You got it. Just sent it. I also listed in blocks of 5 which was easier for me to count to thirty. 

Heavily weighted to operatic composer of course as that is mostly what I listen to.

Anyone wants to see my list, PM me. It is essentially about 3/4 of the composers in my CD collection.


----------



## Tchaikov6

List sent! I'm excited for the results, are you going to do a "countdown" Art Rock?


----------



## Art Rock

Got them. Total now is 27.

I was planning to post the complete list in January, but maybe I'll do it 10 at a time, starting from the bottom.


----------



## Tchaikov6

Art Rock said:


> Got them. Total now is 27.
> 
> I was planning to post the complete list in January, but maybe I'll do it 10 at a time, starting from the bottom.


Cool, it's more fun that way.


----------



## mmsbls

I submitted my ranked list.


----------



## Johnnie Burgess

Will you post the lists submitted to you?


----------



## Art Rock

Johnnie Burgess said:


> Will you post the lists submitted to you?

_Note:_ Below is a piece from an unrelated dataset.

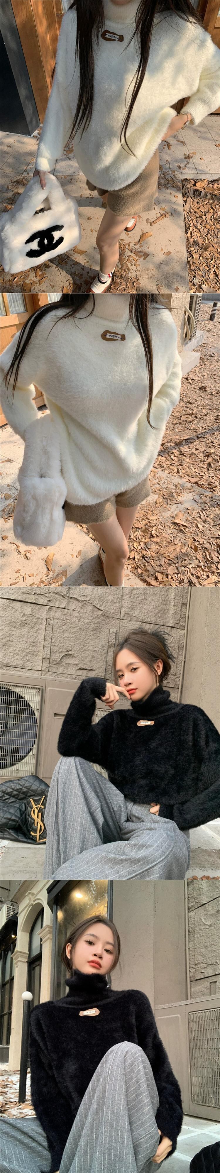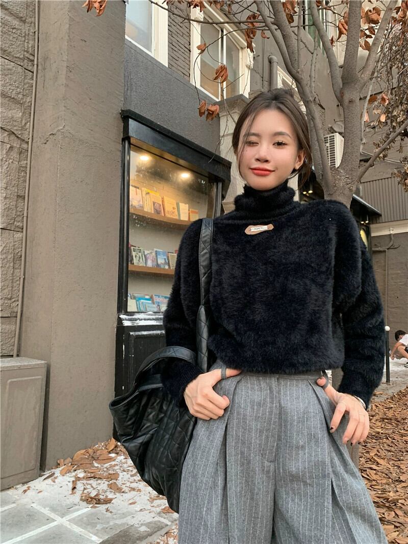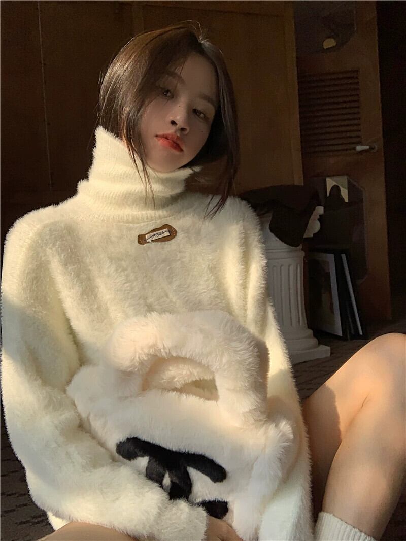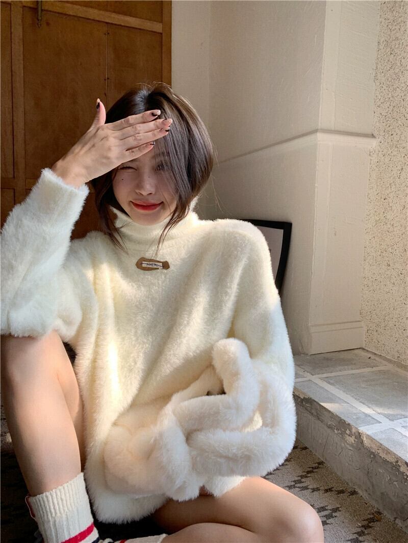 タートルネックセーター女性冬肥厚 2024 新デザインニッチルーズシックな怠惰な模造ミンクベルベットトップ ウィンター 冬物 8571639210162982

I intend to link to a spreadsheet that contains all submitted data including the names of the members taking part.


----------



## Art Rock

We're at 29 now.


----------



## Haydn man

I like this idea and have sent in a ranked list


----------



## senza sordino

I have submitted a ranked list.


----------



## BrahmsWasAGreatMelodist

I submitted an unranked list (was going to do a ranked list, but the decisions became too difficult).


----------



## D Smith

I sent you a non-ranked list. I got it down to thirty by only including more individual choices. Good luck!


----------



## Art Rock

We're now at 35 submissions.


----------



## Duncan

I submitted a request for participation in the "Current Listening" thread - Post # 40794 -

https://www.talkclassical.com/54083-current-listening-vol-v-2720.html#post1728000

which reads as follows -

"Interrupting your regularly scheduled programming for a personal request for participation in an important thread...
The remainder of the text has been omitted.